● **Exercise goal**:
Return the data that follows exactly as it appears. Pictures do not belong in the copy.
Record excerpts Block Start
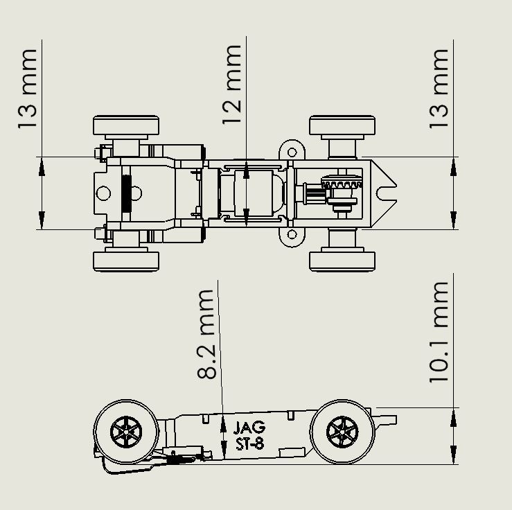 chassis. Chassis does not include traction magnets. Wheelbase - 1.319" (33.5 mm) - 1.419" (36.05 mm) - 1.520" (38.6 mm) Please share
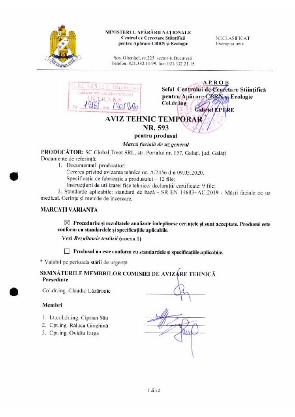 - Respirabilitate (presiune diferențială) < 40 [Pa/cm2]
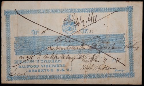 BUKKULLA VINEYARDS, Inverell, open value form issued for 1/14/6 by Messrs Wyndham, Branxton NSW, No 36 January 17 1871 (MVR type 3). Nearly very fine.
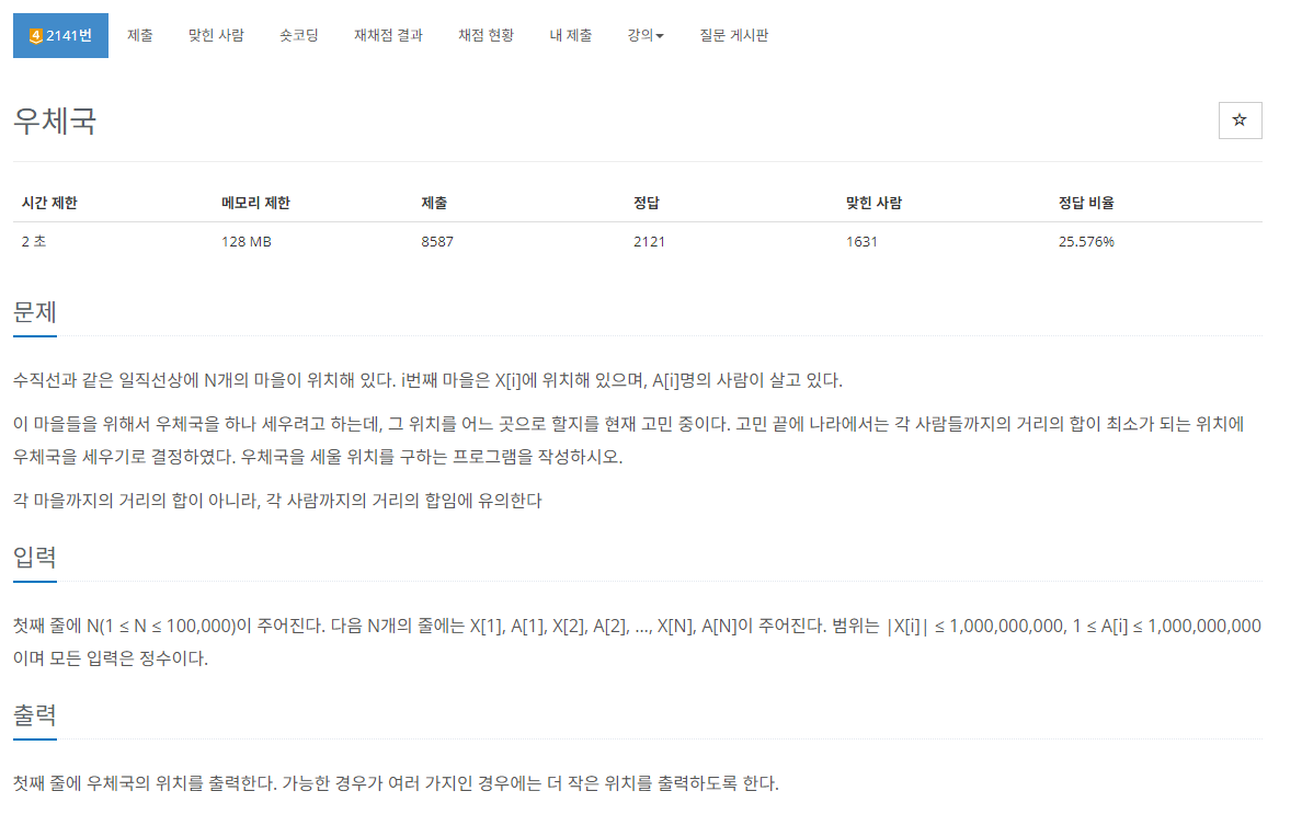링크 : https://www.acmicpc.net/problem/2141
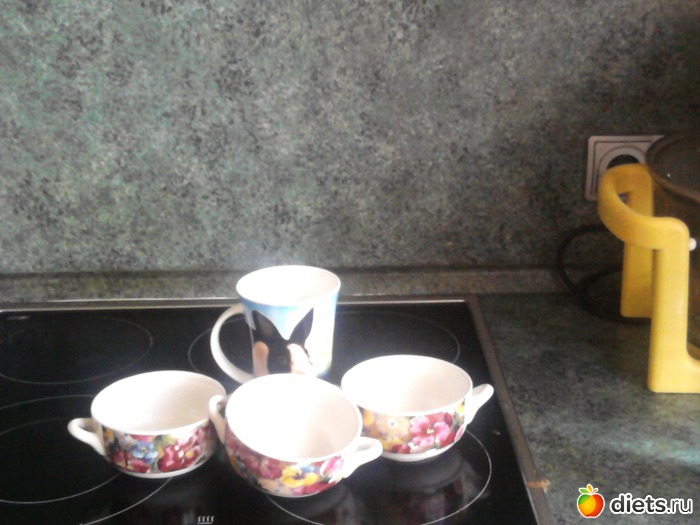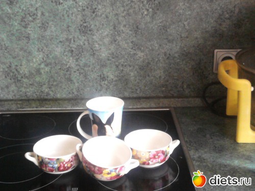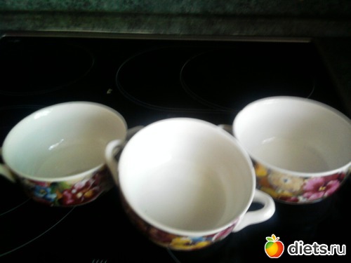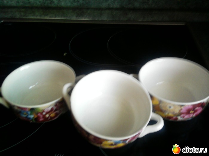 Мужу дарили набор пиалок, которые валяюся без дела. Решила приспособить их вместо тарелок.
Record excerpts Block End
● **Your response**:
 chassis. Chassis does not include traction magnets. Wheelbase - 1.319" (33.5 mm) - 1.419" (36.05 mm) - 1.520" (38.6 mm) Please share
 - Respirabilitate (presiune diferențială) < 40 [Pa/cm2]
 BUKKULLA VINEYARDS, Inverell, open value form issued for 1/14/6 by Messrs Wyndham, Branxton NSW, No 36 January 17 1871 (MVR type 3). Nearly very fine.
링크 : https://www.acmicpc.net/problem/2141
 Мужу дарили набор пиалок, которые валяюся без дела. Решила приспособить их вместо тарелок.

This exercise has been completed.